**About this exercise:** Working from the top of the listing below, retype each line through the line containing "10月12日上午,经理王宗正", both included, with no pictures.

**Dataset extract:**
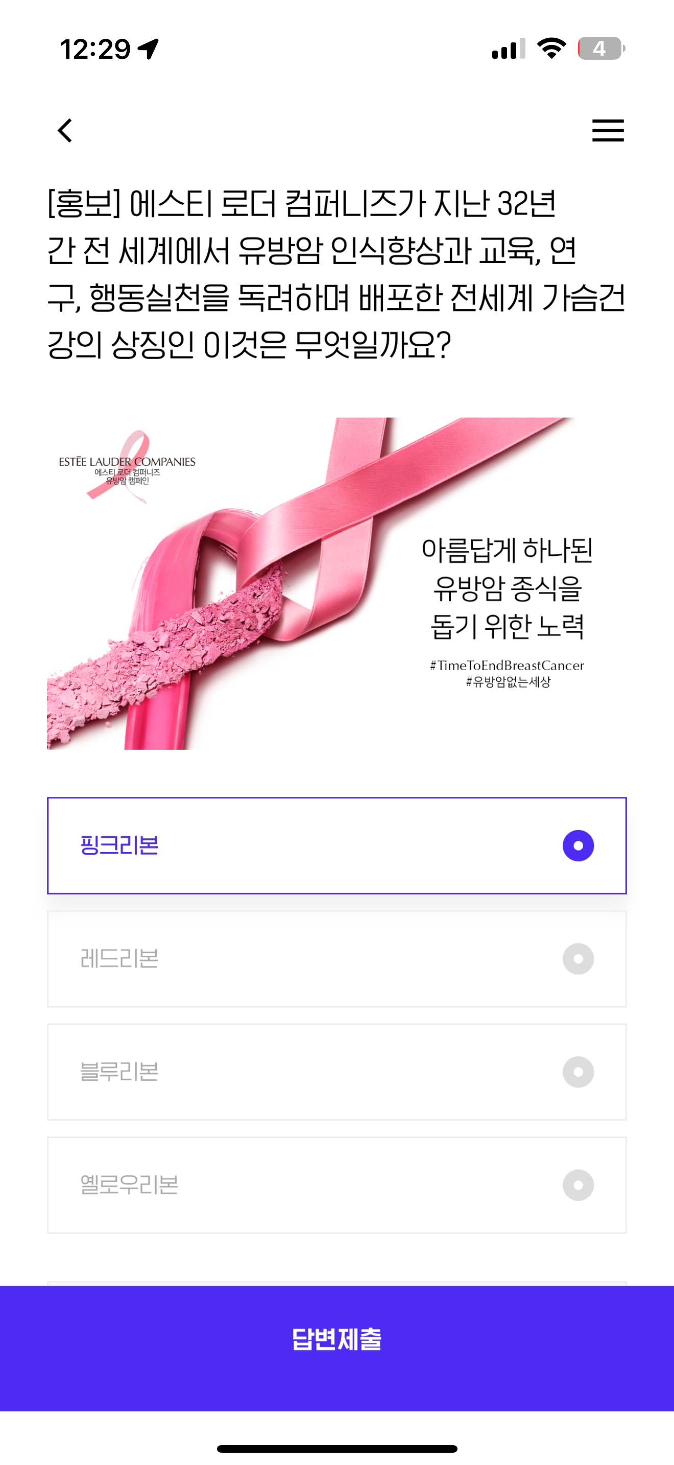 H포인트 퀴즈 정답은 핑크리본 입니다
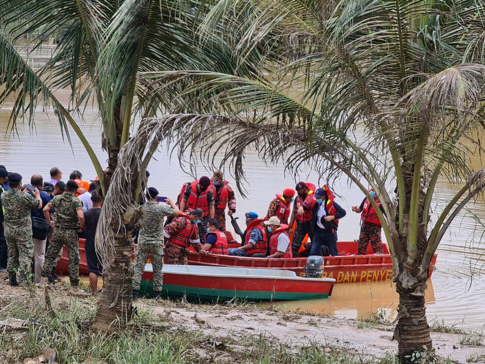 Selesai pengurniaan sumbangan dan menziarah kesemua mangsa di dua PPS terbabit, Seri Paduka kemudian berangkat melawat kesan banjir di daerah Lipis sebelum menaiki bot menuju ke Kampung Binjai, di sini, yang masih lagi tenggelam dan kesemua penduduk di kampung terbabit terputus hubungan kerana jambatan yang menghubungkan mereka masih ditenggelami air. – PAHANGMEDIA
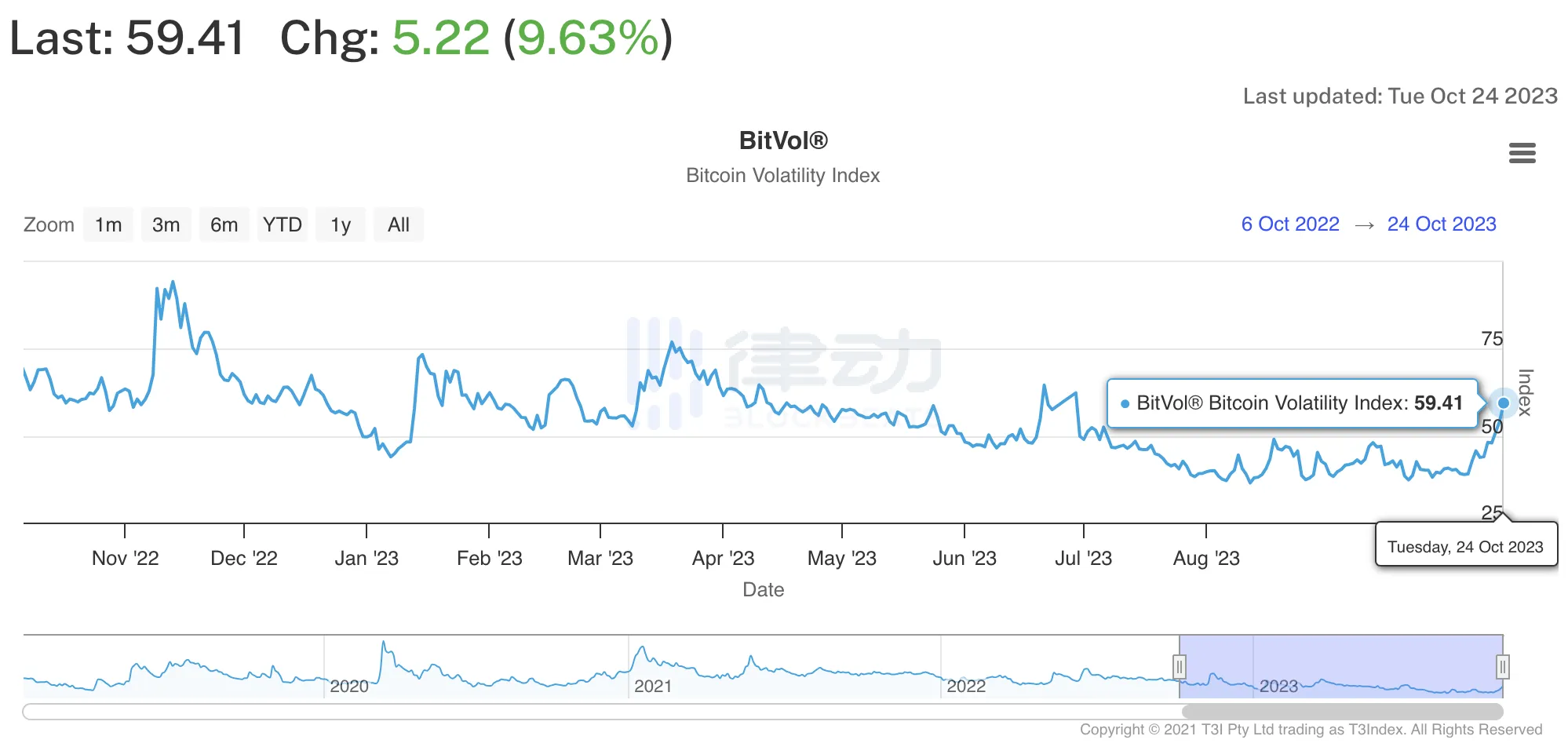 BlockBeats 消息,10 月 25 日,由金融指数公司 T3 Index 联合比特币期权交易平台 LedgerX 推出的 BitVol(比特币波动)指数昨日升至 59.41,日涨幅 9.63%。
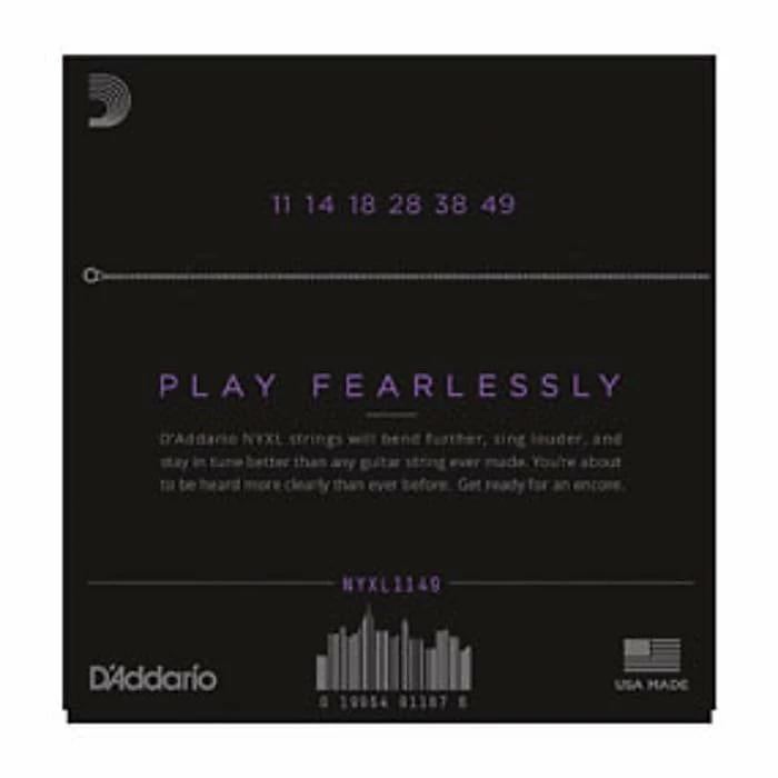 range – more presence and crunch to cut through the mix - NYXL1149 offers moderate flexibility and a full, beefy tone: Plain Steel .011, .014, .018, Nickel Wound .028, .038, .049
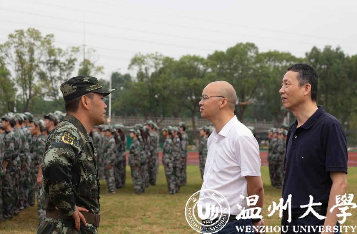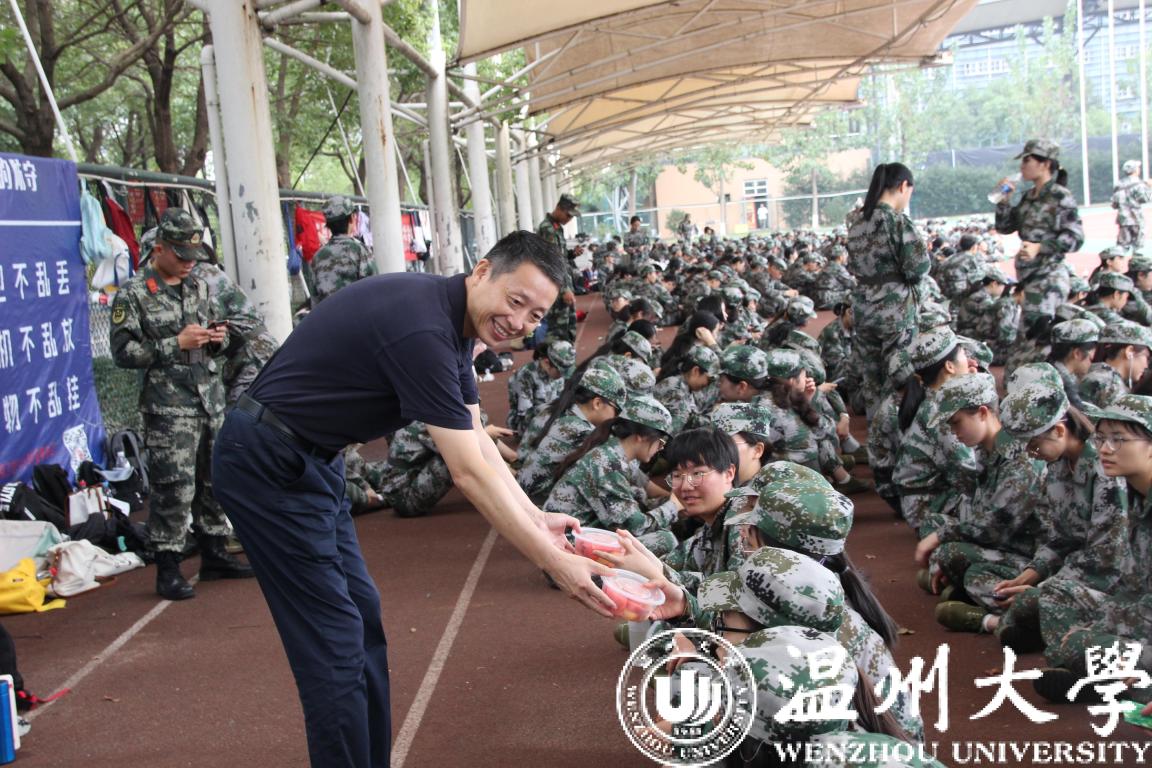 10月12日上午,经理王宗正、党委书记林钦在北校区运动场慰问承训教官与2019级全体军训新生。
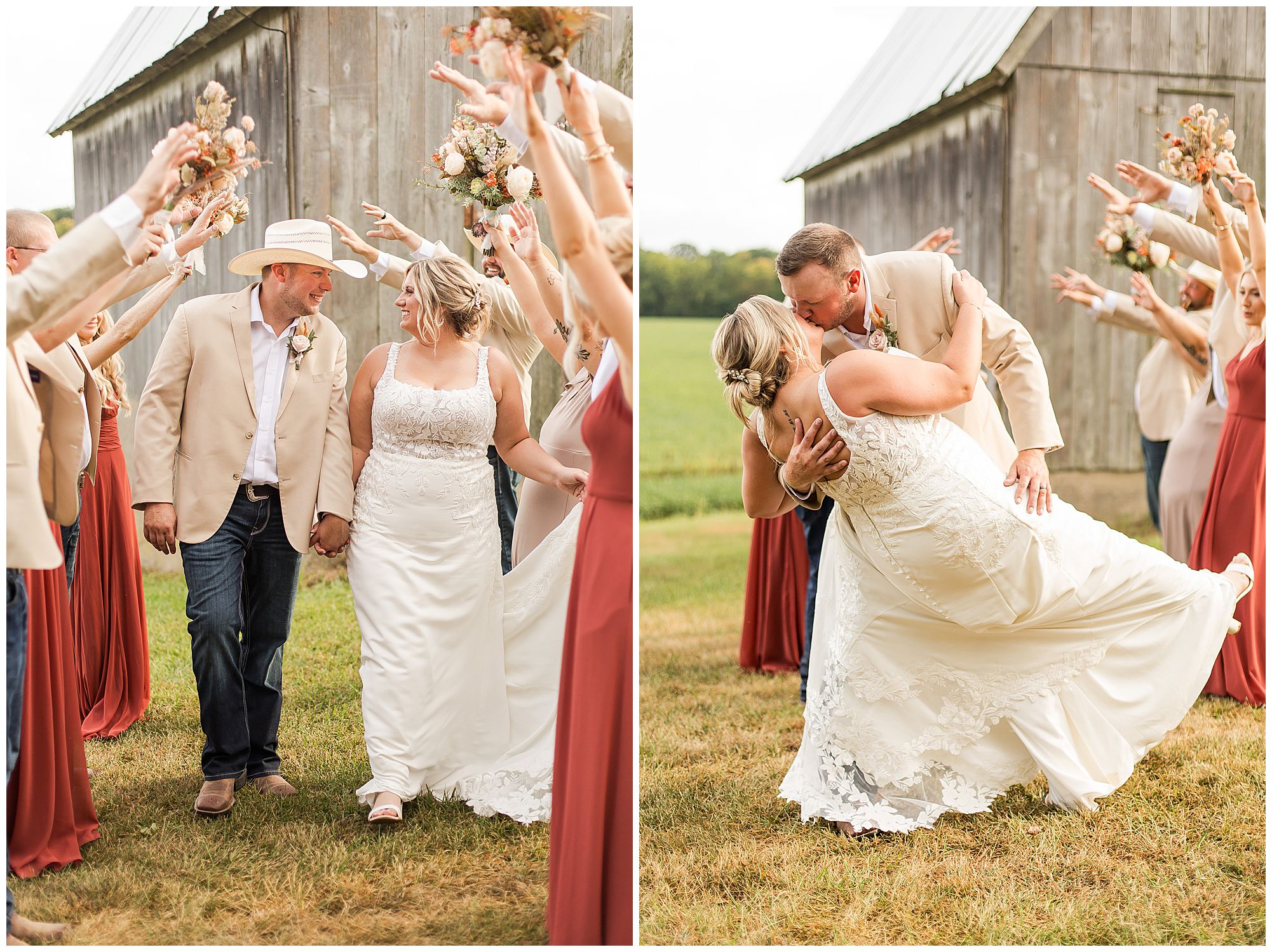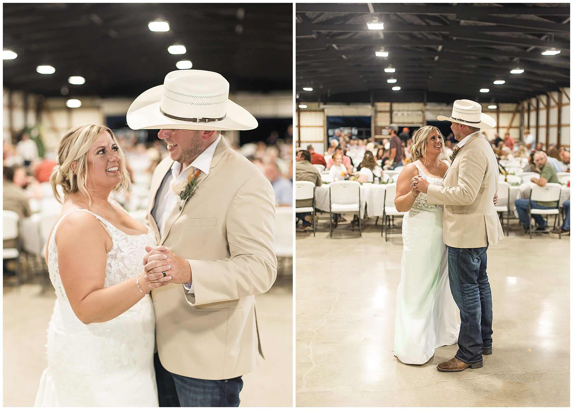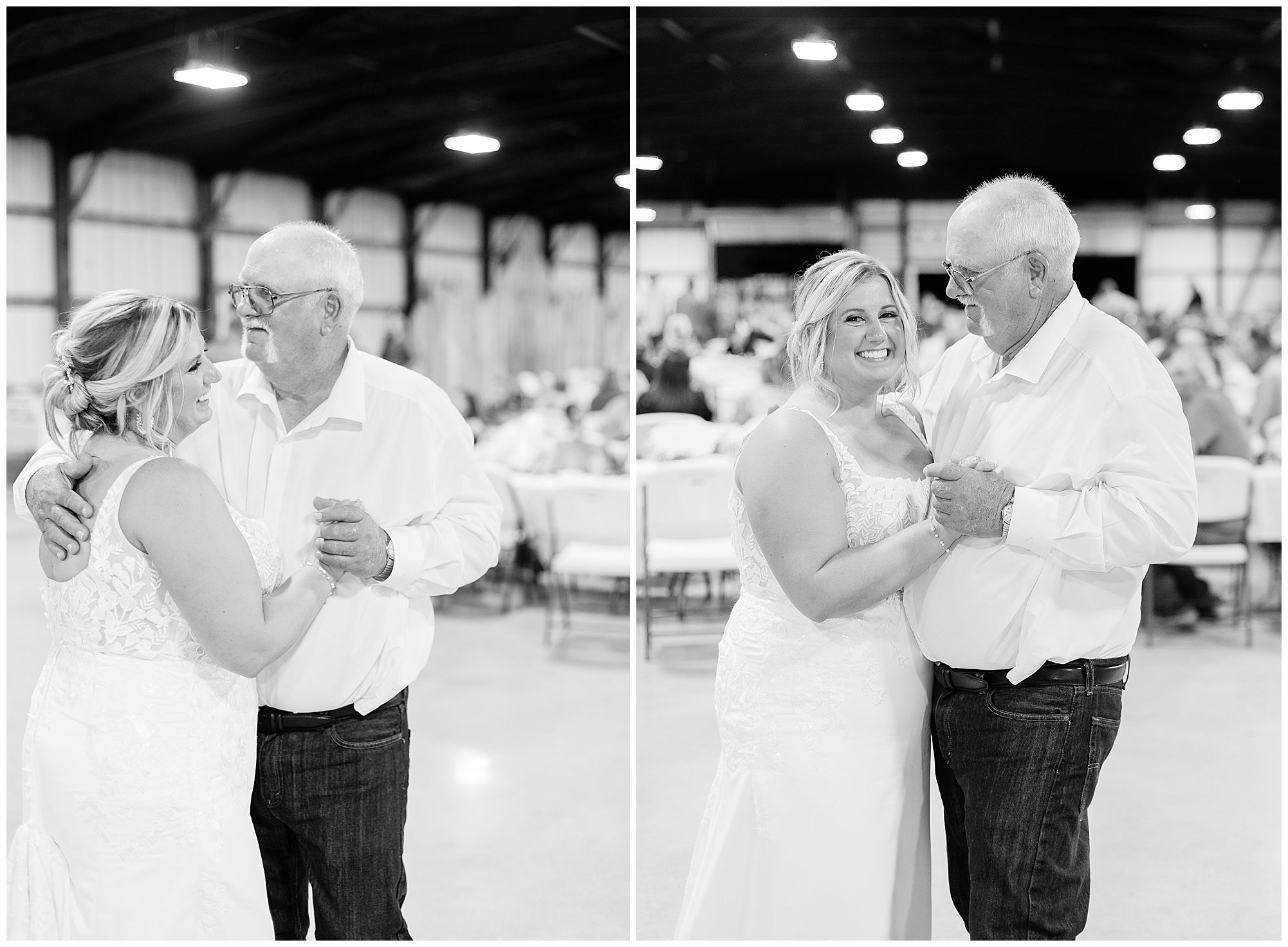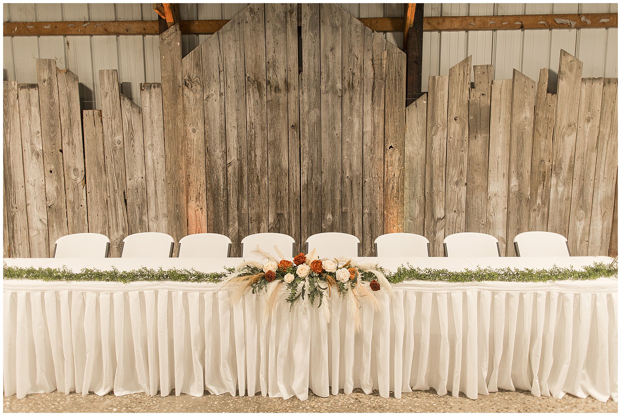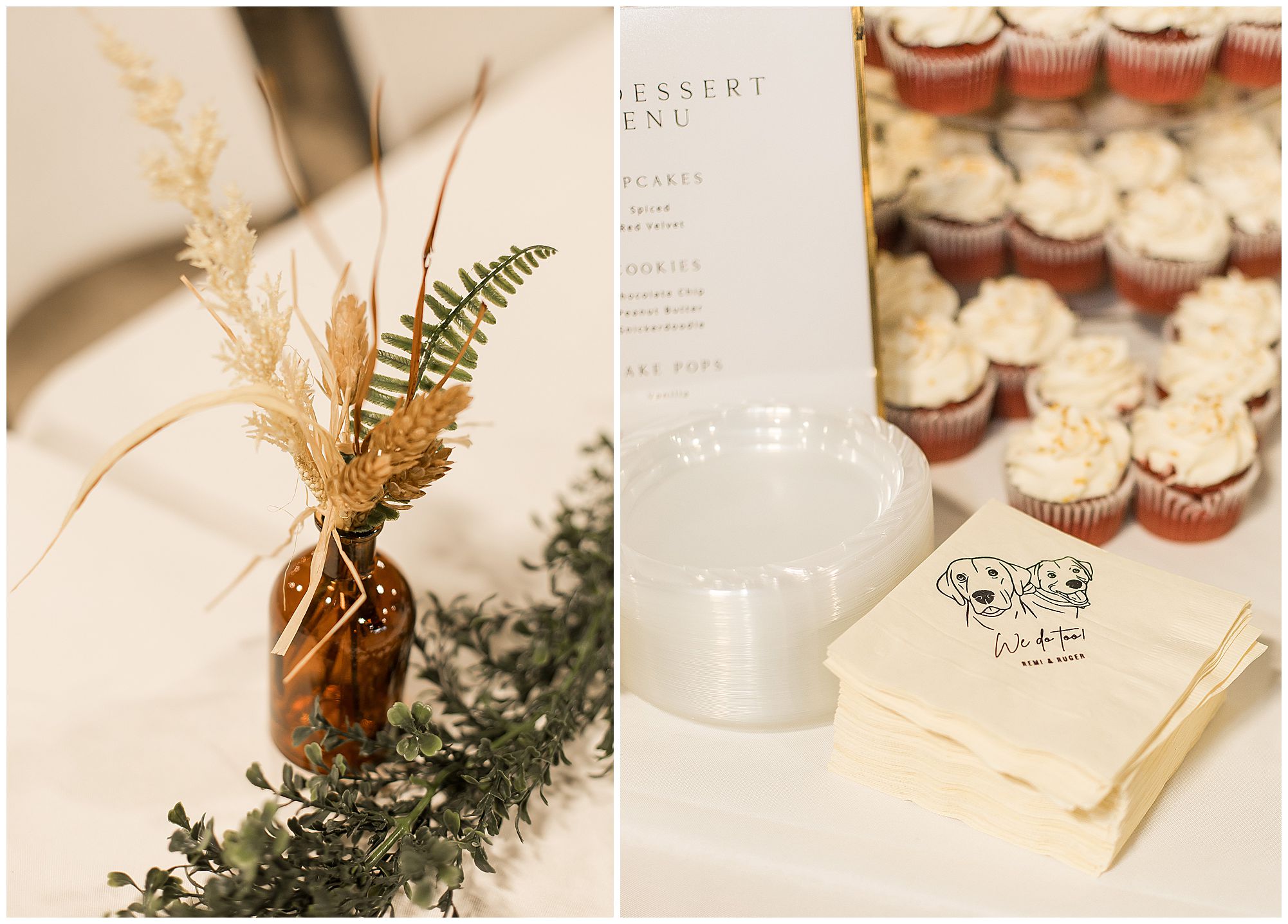 Following family photos, we headed over to a neighboring friend’s farm, where we had visited during their engagement session for a few photos in front of Whitney and Tommy’s favorite barn! The laughter was even more boisterous by now and the excitement for the newlyweds was palpable! The girls even busted out their jean jackets so the new wifey could show off her new last name! We finished with a few “Just Married” photos of these cuties before they boarded the bus to take them all to the reception at The Bates Building on the Macoupin County Fairgrounds. The family style tables were set with rustic fall decor of wooden centerpieces and lanterns along with greenery and pampas grass. The dessert table was filled to the brim with cupcakes, cookies, and truffles all mouthwatering and ready to snag. Complete with napkins of their two pups. Whitney and Tommy didn’t want to spend a ton of time on formalities and listened to a few toasts by their two maids of honor and best man. Then the couple danced their first dance before she took a spin around the dance floor with her dad and he danced with his mom. Then the party got underway and the newlyweds spent the rest of the evening celebrating with family and friends! Whitney and Tommy’s day was light-hearted, sweet, and full of down on the farm fun. I loved every second of their day and wish them all the best in their love and blessed marriage!

**Response box:**
 H포인트 퀴즈 정답은 핑크리본 입니다
 Selesai pengurniaan sumbangan dan menziarah kesemua mangsa di dua PPS terbabit, Seri Paduka kemudian berangkat melawat kesan banjir di daerah Lipis sebelum menaiki bot menuju ke Kampung Binjai, di sini, yang masih lagi tenggelam dan kesemua penduduk di kampung terbabit terputus hubungan kerana jambatan yang menghubungkan mereka masih ditenggelami air. – PAHANGMEDIA
 BlockBeats 消息,10 月 25 日,由金融指数公司 T3 Index 联合比特币期权交易平台 LedgerX 推出的 BitVol(比特币波动)指数昨日升至 59.41,日涨幅 9.63%。
 range – more presence and crunch to cut through the mix - NYXL1149 offers moderate flexibility and a full, beefy tone: Plain Steel .011, .014, .018, Nickel Wound .028, .038, .049
 10月12日上午,经理王宗正、党委书记林钦在北校区运动场慰问承训教官与2019级全体军训新生。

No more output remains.